== INSTRUCTIONS FOR THE TASK ==
If pictures are present, leave them out, and copy the data word for word.

== COLLECTED DATA ==
---

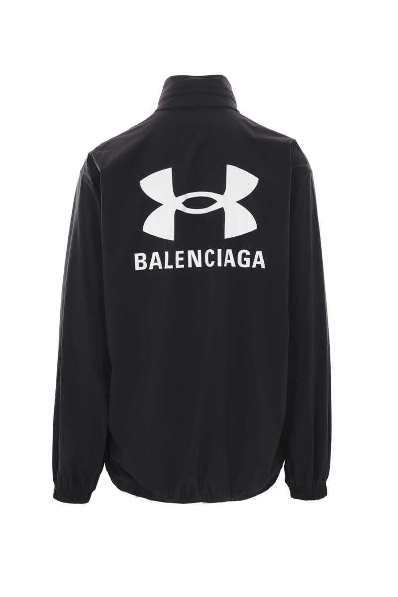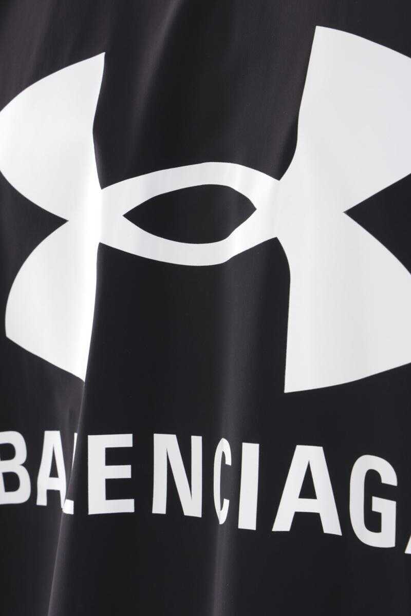 Balenciaga oversize windbreaker designed in collaboration with Under Armour® and crafted in black stretch nylon with logo print at chest / at back. It features stand collar, extractable hood, zip closure, side pockets, long sleeves and elasticated edges. Unlined interior.
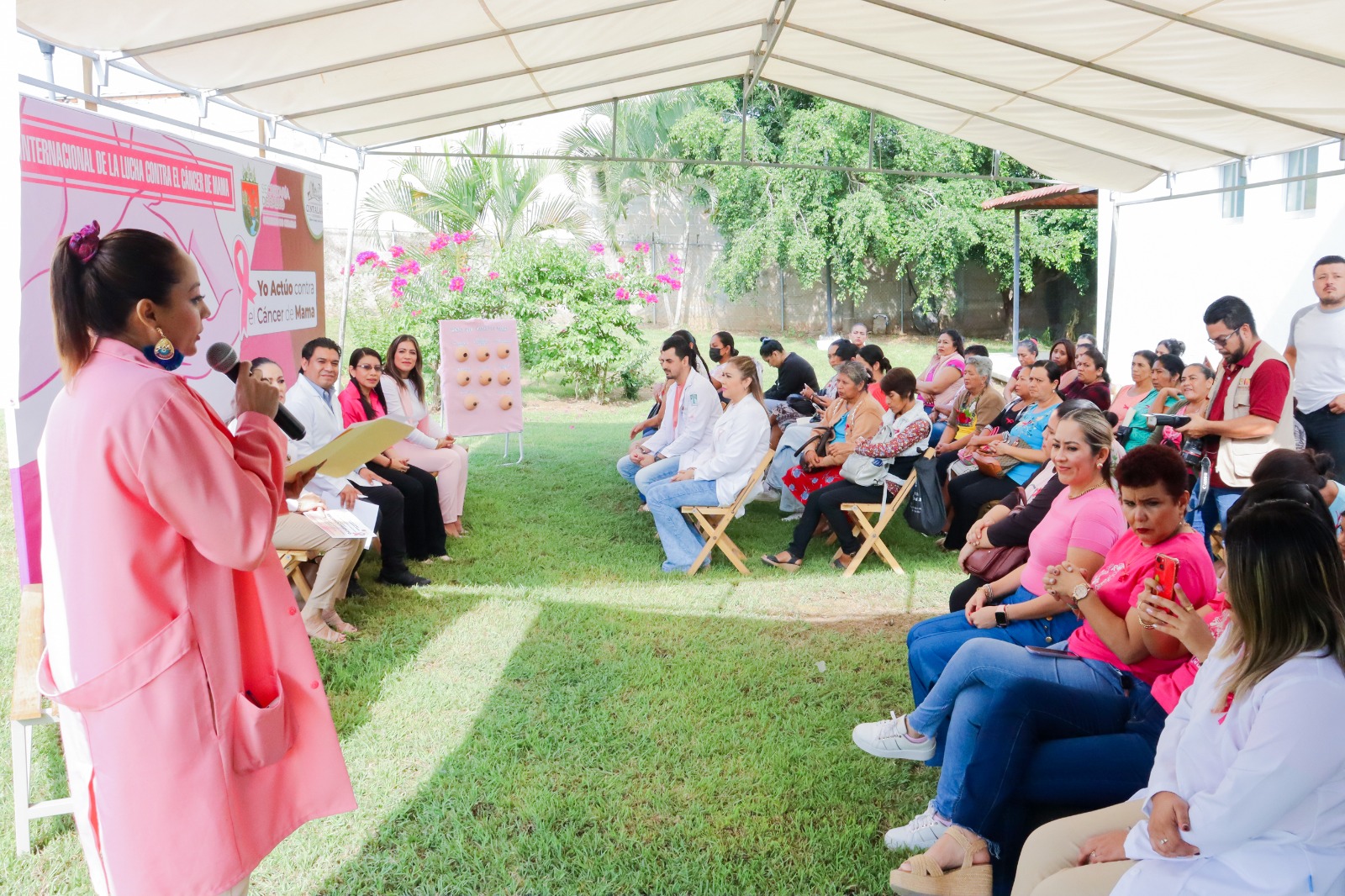 “Este Gobierno Municipal, ha puesto total interés en el tema de la salud pública de los cintalapanecos, por ello; periódicamente realizamos actividades con beneficios directos a la población en general y hoy nos sumamos a la lucha de la terrible enfermedad de cáncer que afecta en particular a las mujeres”, dijo el Presidente Municipal durante un acto público.
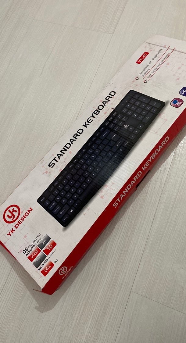 YK Design siyah standart klavye, Vista, XP, 7, 10 ve OSX işletim sistemleriyle uyumludur. Tam tuş takımı ve şık koyu tasarıma sahiptir. ⌨️
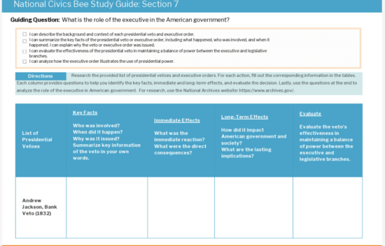 A graphic organizer to assist students in understanding background, context, and effectiveness of presidential vetoes and executive orders.

---

== SOLUTION TO THE EXERCISE ==
 Balenciaga oversize windbreaker designed in collaboration with Under Armour® and crafted in black stretch nylon with logo print at chest / at back. It features stand collar, extractable hood, zip closure, side pockets, long sleeves and elasticated edges. Unlined interior.
 “Este Gobierno Municipal, ha puesto total interés en el tema de la salud pública de los cintalapanecos, por ello; periódicamente realizamos actividades con beneficios directos a la población en general y hoy nos sumamos a la lucha de la terrible enfermedad de cáncer que afecta en particular a las mujeres”, dijo el Presidente Municipal durante un acto público.
 YK Design siyah standart klavye, Vista, XP, 7, 10 ve OSX işletim sistemleriyle uyumludur. Tam tuş takımı ve şık koyu tasarıma sahiptir. ⌨️
 A graphic organizer to assist students in understanding background, context, and effectiveness of presidential vetoes and executive orders.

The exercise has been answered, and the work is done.